■ Provided records
===
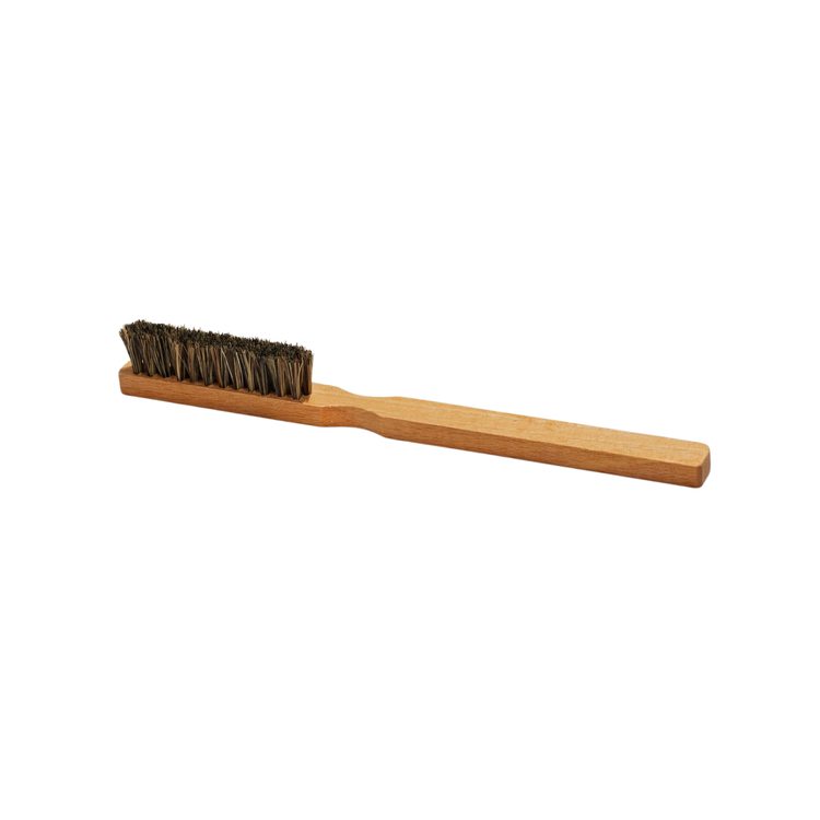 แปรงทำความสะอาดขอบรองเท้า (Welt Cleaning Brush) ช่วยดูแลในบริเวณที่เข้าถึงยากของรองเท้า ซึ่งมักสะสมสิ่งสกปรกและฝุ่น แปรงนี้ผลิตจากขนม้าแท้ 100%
===
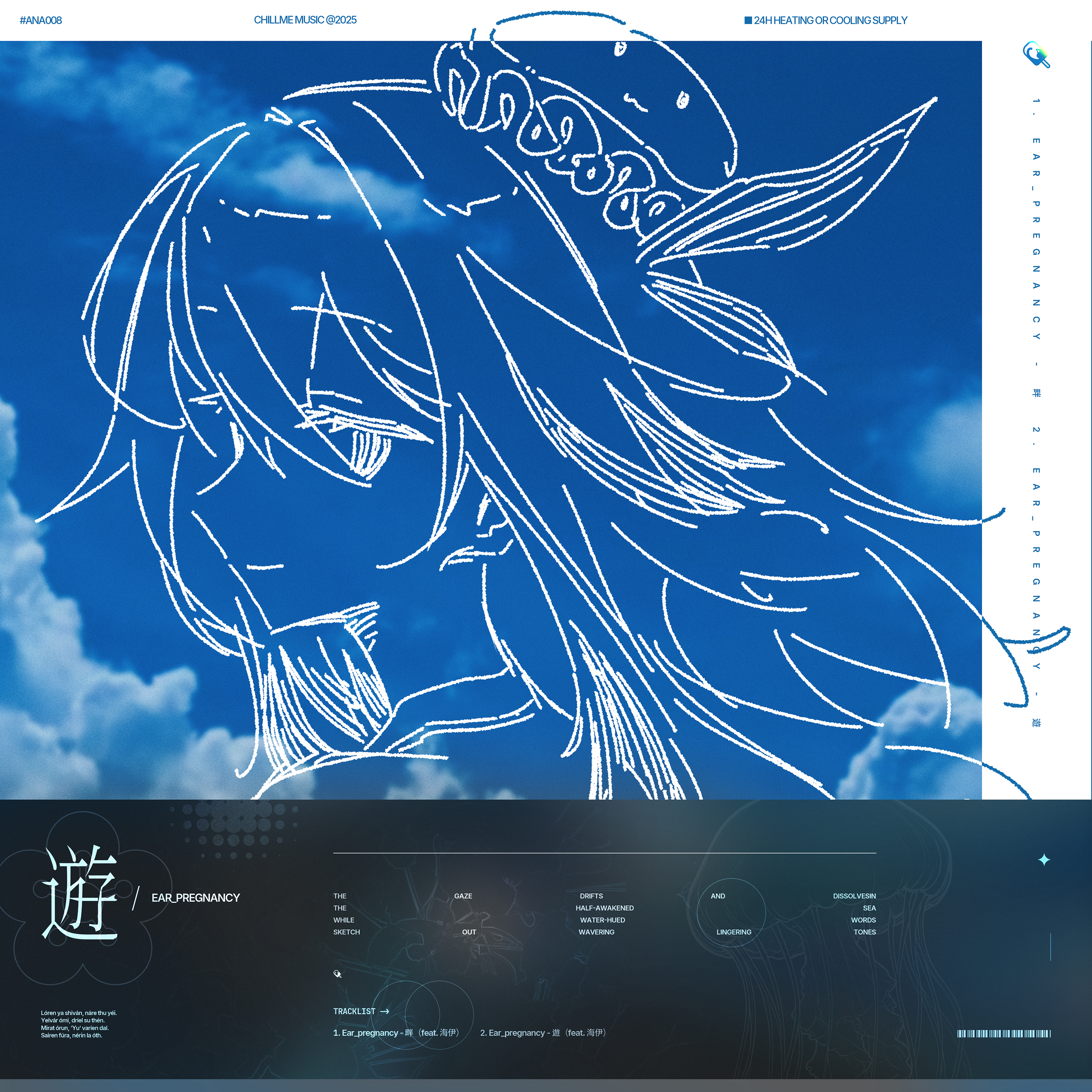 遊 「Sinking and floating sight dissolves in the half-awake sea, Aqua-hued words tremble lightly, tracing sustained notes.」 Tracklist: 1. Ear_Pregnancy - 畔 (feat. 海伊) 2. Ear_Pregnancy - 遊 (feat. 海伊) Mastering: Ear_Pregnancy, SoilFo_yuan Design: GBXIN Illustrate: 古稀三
===
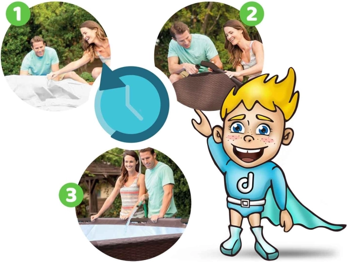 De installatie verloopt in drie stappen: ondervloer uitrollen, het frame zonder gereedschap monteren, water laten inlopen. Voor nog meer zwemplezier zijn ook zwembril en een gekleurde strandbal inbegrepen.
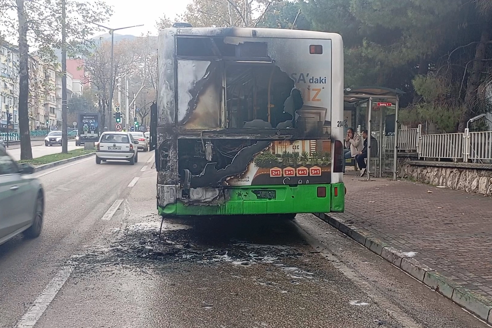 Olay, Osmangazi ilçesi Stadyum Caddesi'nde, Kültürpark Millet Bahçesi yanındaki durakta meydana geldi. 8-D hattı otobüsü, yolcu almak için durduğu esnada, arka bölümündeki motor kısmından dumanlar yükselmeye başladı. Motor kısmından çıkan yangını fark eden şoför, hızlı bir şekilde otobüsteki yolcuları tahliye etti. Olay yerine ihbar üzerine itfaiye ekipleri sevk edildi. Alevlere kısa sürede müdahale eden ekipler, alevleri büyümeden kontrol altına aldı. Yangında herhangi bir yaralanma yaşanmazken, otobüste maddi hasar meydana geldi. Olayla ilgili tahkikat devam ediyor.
===
■ What you should do
In the records above, find the line containing "De installatie verloopt" and the line containing "Olay, Osmangazi ilçesi", then give both of them again word for word along with every line between. Omit any pictures.

■ Written solution
 De installatie verloopt in drie stappen: ondervloer uitrollen, het frame zonder gereedschap monteren, water laten inlopen. Voor nog meer zwemplezier zijn ook zwembril en een gekleurde strandbal inbegrepen.
 Olay, Osmangazi ilçesi Stadyum Caddesi'nde, Kültürpark Millet Bahçesi yanındaki durakta meydana geldi. 8-D hattı otobüsü, yolcu almak için durduğu esnada, arka bölümündeki motor kısmından dumanlar yükselmeye başladı. Motor kısmından çıkan yangını fark eden şoför, hızlı bir şekilde otobüsteki yolcuları tahliye etti. Olay yerine ihbar üzerine itfaiye ekipleri sevk edildi. Alevlere kısa sürede müdahale eden ekipler, alevleri büyümeden kontrol altına aldı. Yangında herhangi bir yaralanma yaşanmazken, otobüste maddi hasar meydana geldi. Olayla ilgili tahkikat devam ediyor.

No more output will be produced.